Set up alerts for disk usage hitting 85% or you'll get the dreaded flood stage disk watermark exceeded warning. When Elasticsearch runs out of space, it stops accepting new data and you lose logs. Takes about 30 seconds to go from "looking fine" to "completely fucked".

When Basic Setup Isn't Enough Anymore

Your EFK stack is working, logs are flowing, and then your company grows. Suddenly you need to separate dev logs from prod logs, different teams want their own dashboards, and compliance wants to know where you're storing customer data. Here's how to handle that without rebuilding everything.

Multi-Tenant Setup (Keeping Teams From Seeing Each Other's Disasters)

Different teams shouldn't see each other's logs. Period. Your payment team doesn't need to see marketing's failed email campaigns, and marketing definitely shouldn't see payment errors.

Use separate indices per tenant. Simple but effective - each team gets logs-teamname-YYYY.MM.DD indices. Add namespace or service labels to your logs and route accordingly.

## Tenant routing that actually works
<filter kubernetes.**>
  @type record_transformer
  <record>
    tenant ${record["kubernetes"]["namespace_name"]}
    environment ${record["kubernetes"]["labels"]["env"] || "unknown"}
  </record>
</filter>

<match kubernetes.**>
  @type elasticsearch
  # Separate indices per team and environment
  index_name logs-${tenant}-${environment}-%Y.%m.%d
  # This keeps prod and dev logs completely separate
</match>

Compliance (Because Lawyers Exist)

If you're storing customer data in logs (and you are, whether you know it or not), you need to handle GDPR, HIPAA, or whatever regulatory nightmare applies to you.

Step 1: Stop Logging Sensitive Shit

• Credit card numbers, passwords, API keys, emails - none of this should be in logs
• Use Fluentd filters to strip sensitive data before it hits Elasticsearch
• Set up alerts when sensitive patterns are detected.
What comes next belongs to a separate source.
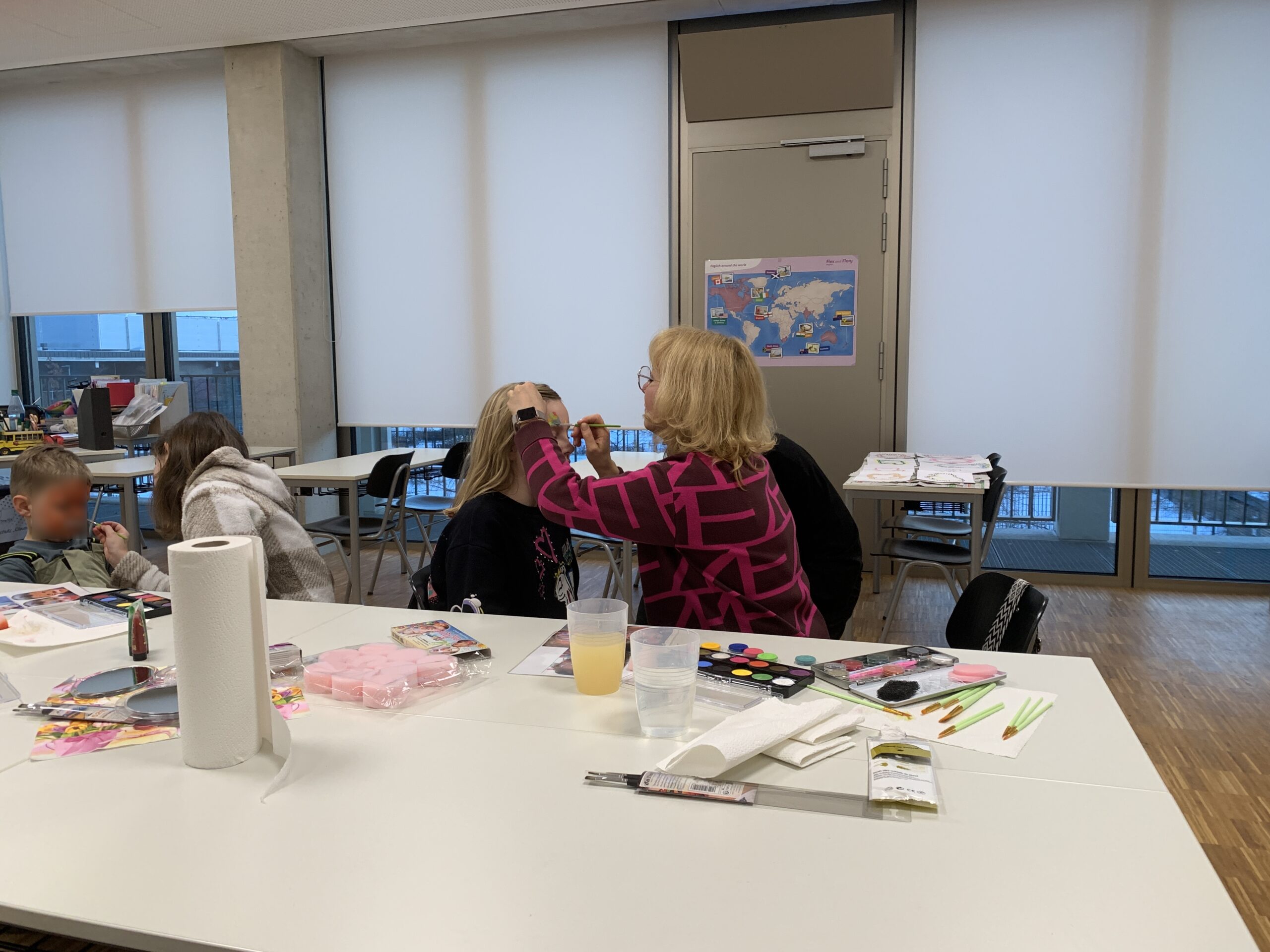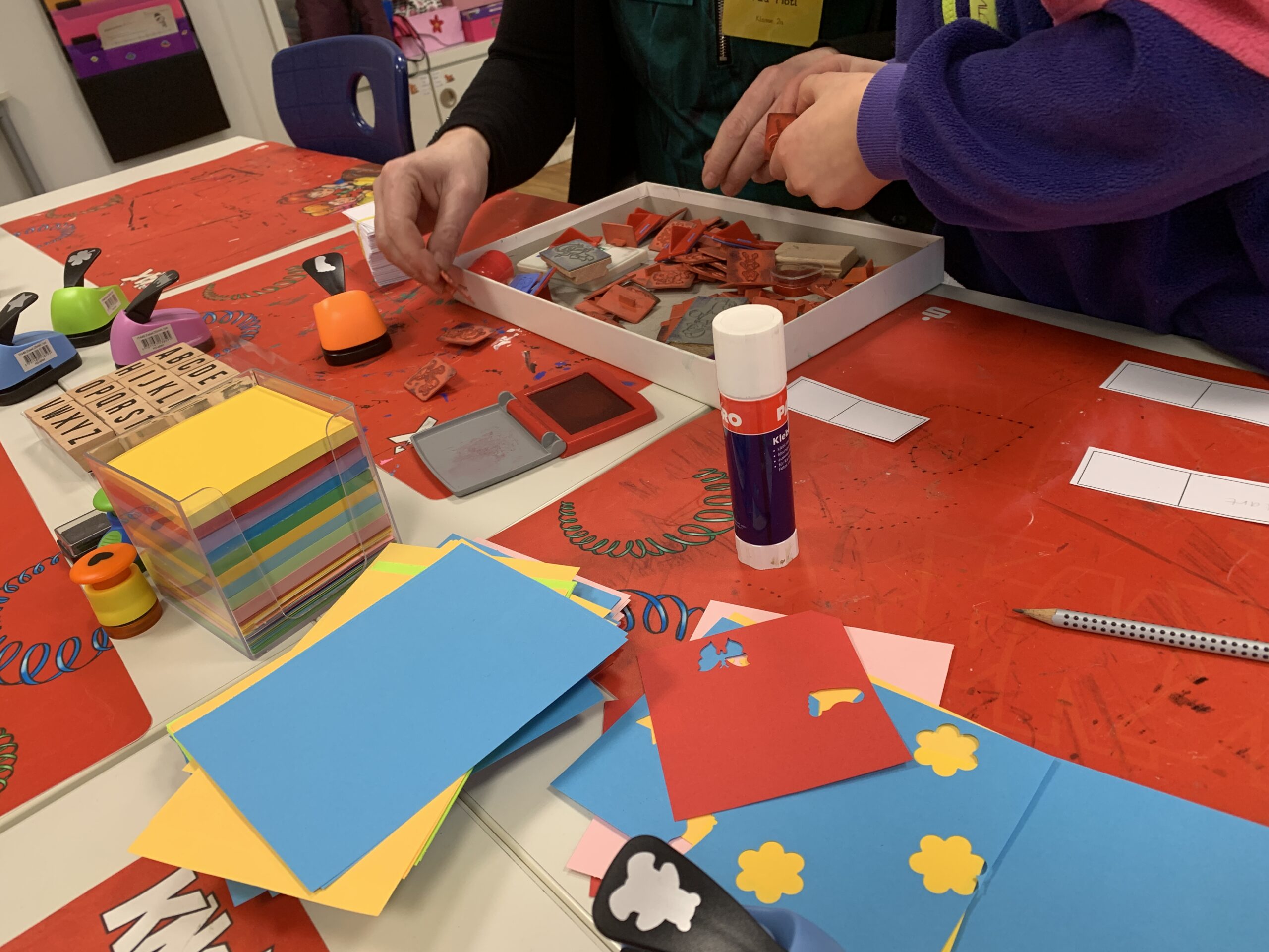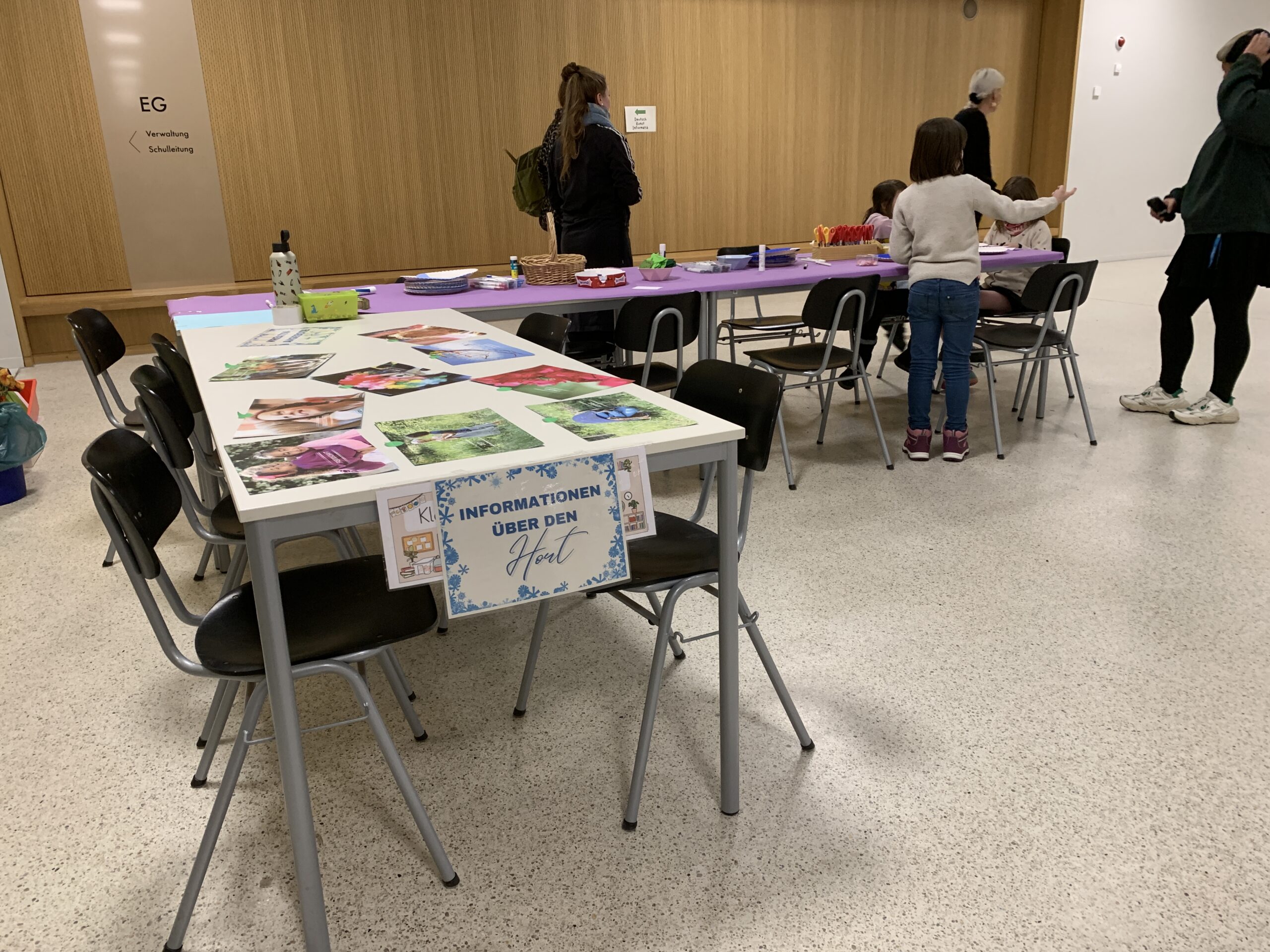 Auch die Grundschule beteiligte sich aktiv: Eine Schulhausrallye führte durch die Räume der Grundschule, die jeweils nach den Bedürfnissen der einzelnen Klassen gestaltet sind. Zu den Angeboten gehörten Kinderschminken, das Stempeln eines Dominospiels, das Herstellen eines Daumenkinos und ein Einblick in ein Klassenzimmer der 1. Klasse mit Rechenangeboten für Vor- und Grundschüler. Der Hort ergänzte das Programm mit einem Bastelstand. Zudem stellte sich die Schulsozialarbeit der Grund- und Oberschule vor und informierte über Gemeinsamkeiten und Unterschiede in ihrer unterstützenden Arbeit.

Found out during a security audit that we'd been logging OAuth tokens for 8 months - spent 3 weeks rotating everything.

Step 2: Data Retention That Won't Get You Fired

Set up Index Lifecycle Management (ILM) to automatically delete old logs. Most companies keep 30-90 days unless there's a legal reason to keep more.

Disaster Recovery (When Everything Goes to Hell)

You will lose data. Plan for it. Here's how to minimize the damage:

Cross-Region Replication

If you can afford it, replicate critical indices to another region. Expensive but necessary if losing logs means losing your job. Watched one company lose their entire payment logging cluster when AWS us-east-1 shit the bed for 6 hours - they had zero backups.

Fluentd Buffering

Configure persistent buffers so when Elasticsearch goes down, Fluentd keeps logs on disk until it's back up.

## Buffer config that won't lose your logs
<buffer tag,time>
  @type file
  path /var/log/fluentd-buffers/
  flush_mode interval
  flush_interval 30s
  chunk_limit_size 256MB
  queue_limit_length 512
  retry_type exponential_backoff
  retry_wait 1s
  retry_max_times 10
  # CRITICAL: Without this, you lose logs when Fluentd restarts
  flush_at_shutdown true
</buffer>

Performance Tuning (Making It Not Suck)

Elasticsearch Memory Rule

Give JVM heap 50% of system memory, max 32GB. More than 32GB and Java's compressed pointers break, making everything slower.

SSD or Go Home

Spinning disks are death for Elasticsearch. You'll spend more on engineering time troubleshooting search_phase_execution_exception errors and 30-second query timeouts than you'll save on storage. Took our team 2 weeks to figure out why searches were timing out - turned out the cluster was on HDD.

Fluentd Threading

Use `flush_thread_count` to parallelize writes to Elasticsearch. Start with 4 threads per CPU core, tune from there.

Machine Learning (If You're Into That Sort of Thing)

Elasticsearch has built-in anomaly detection that actually works. It'll automatically learn your log patterns and alert when something weird happens.

Useful for catching performance degradation before your users notice, or security incidents before they become breaches. Just don't expect it to replace actual monitoring - it's supplemental, not primary.